§ Activity: Go to the line in the entries below that holds "Easy linen pants" and repeat exactly from there through the line that holds "古いオールコットンの物に比べ", inclusive.

§ Input for this task:
******

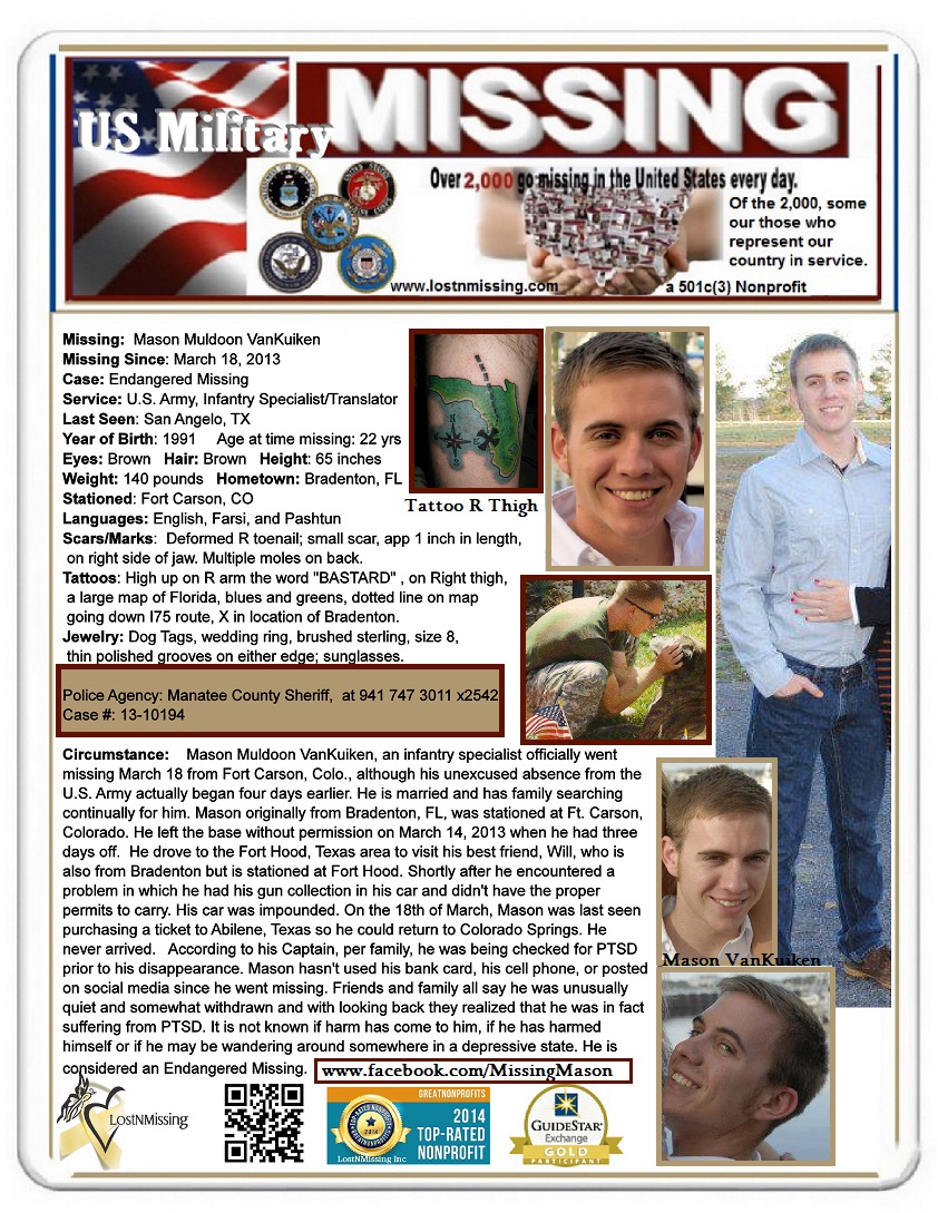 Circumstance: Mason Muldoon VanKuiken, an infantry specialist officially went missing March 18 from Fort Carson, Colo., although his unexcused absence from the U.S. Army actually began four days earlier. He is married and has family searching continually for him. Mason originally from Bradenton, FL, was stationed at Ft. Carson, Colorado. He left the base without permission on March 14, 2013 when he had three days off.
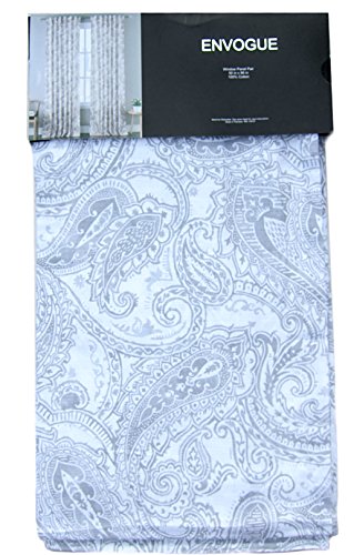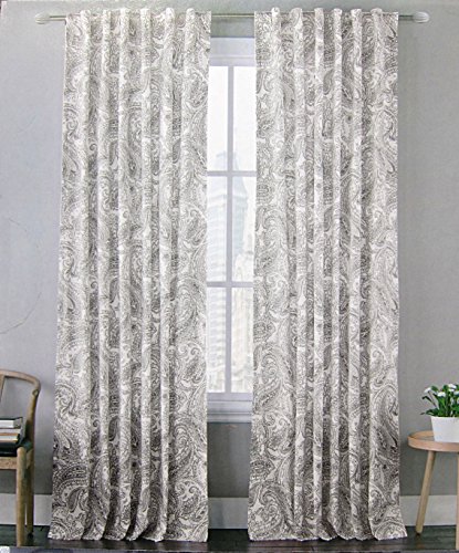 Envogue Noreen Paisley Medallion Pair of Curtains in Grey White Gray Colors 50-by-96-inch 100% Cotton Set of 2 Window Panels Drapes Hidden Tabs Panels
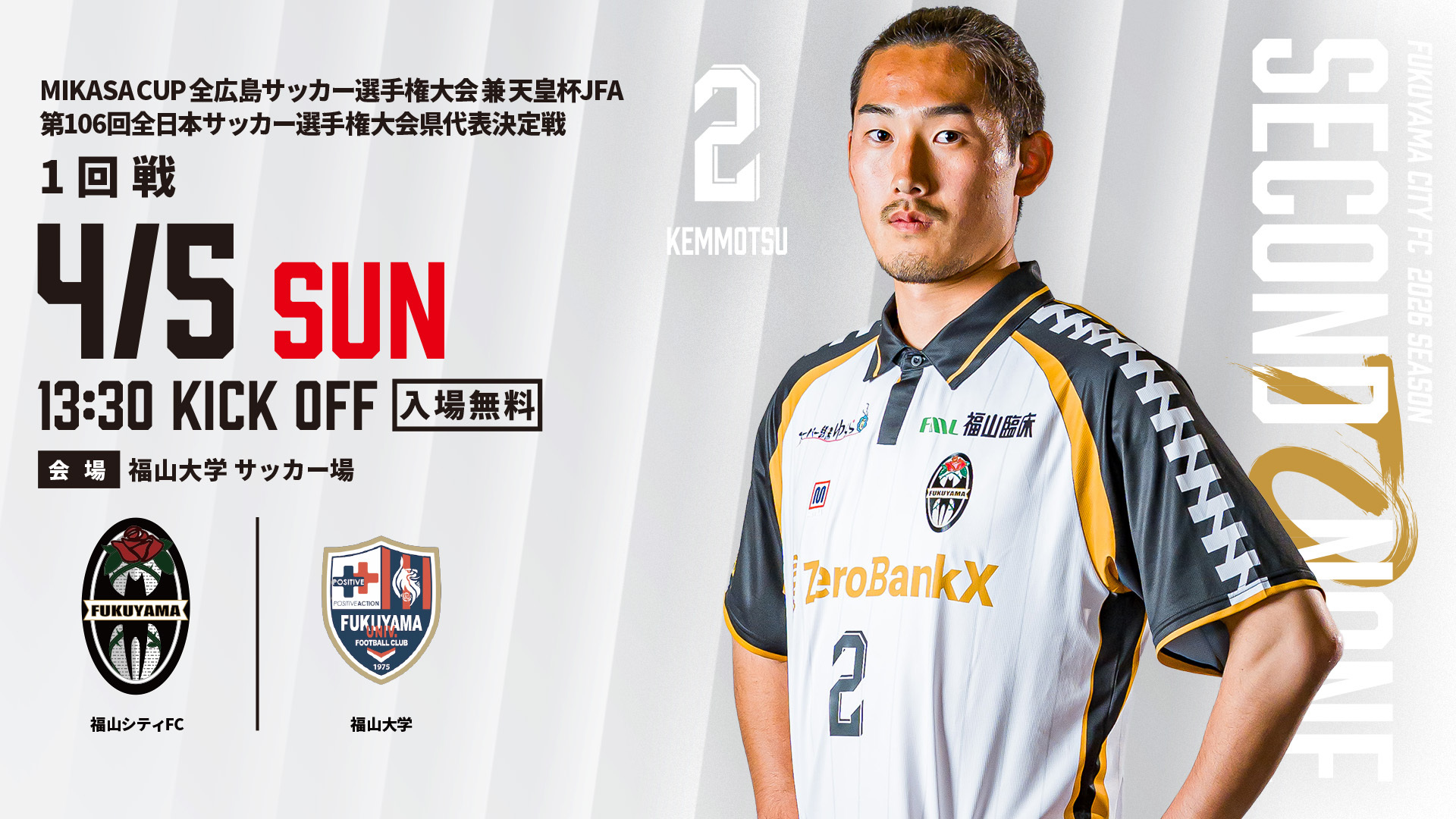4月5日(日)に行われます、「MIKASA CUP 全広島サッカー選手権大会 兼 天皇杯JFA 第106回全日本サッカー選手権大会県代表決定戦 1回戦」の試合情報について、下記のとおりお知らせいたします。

******

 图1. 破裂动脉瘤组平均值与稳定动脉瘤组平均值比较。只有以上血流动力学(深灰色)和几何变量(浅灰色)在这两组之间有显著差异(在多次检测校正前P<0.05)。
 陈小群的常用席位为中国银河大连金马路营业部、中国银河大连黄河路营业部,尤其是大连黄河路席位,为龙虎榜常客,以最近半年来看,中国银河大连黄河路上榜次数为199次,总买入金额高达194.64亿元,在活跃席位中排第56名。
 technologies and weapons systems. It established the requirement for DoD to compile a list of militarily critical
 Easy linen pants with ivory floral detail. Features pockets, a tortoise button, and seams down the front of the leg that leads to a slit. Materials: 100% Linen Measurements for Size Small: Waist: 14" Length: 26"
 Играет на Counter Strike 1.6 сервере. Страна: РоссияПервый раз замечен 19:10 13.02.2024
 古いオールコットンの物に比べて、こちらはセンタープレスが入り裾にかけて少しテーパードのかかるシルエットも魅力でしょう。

******

§ Solution for this exercise:
 Easy linen pants with ivory floral detail. Features pockets, a tortoise button, and seams down the front of the leg that leads to a slit. Materials: 100% Linen Measurements for Size Small: Waist: 14" Length: 26"
 Играет на Counter Strike 1.6 сервере. Страна: РоссияПервый раз замечен 19:10 13.02.2024
 古いオールコットンの物に比べて、こちらはセンタープレスが入り裾にかけて少しテーパードのかかるシルエットも魅力でしょう。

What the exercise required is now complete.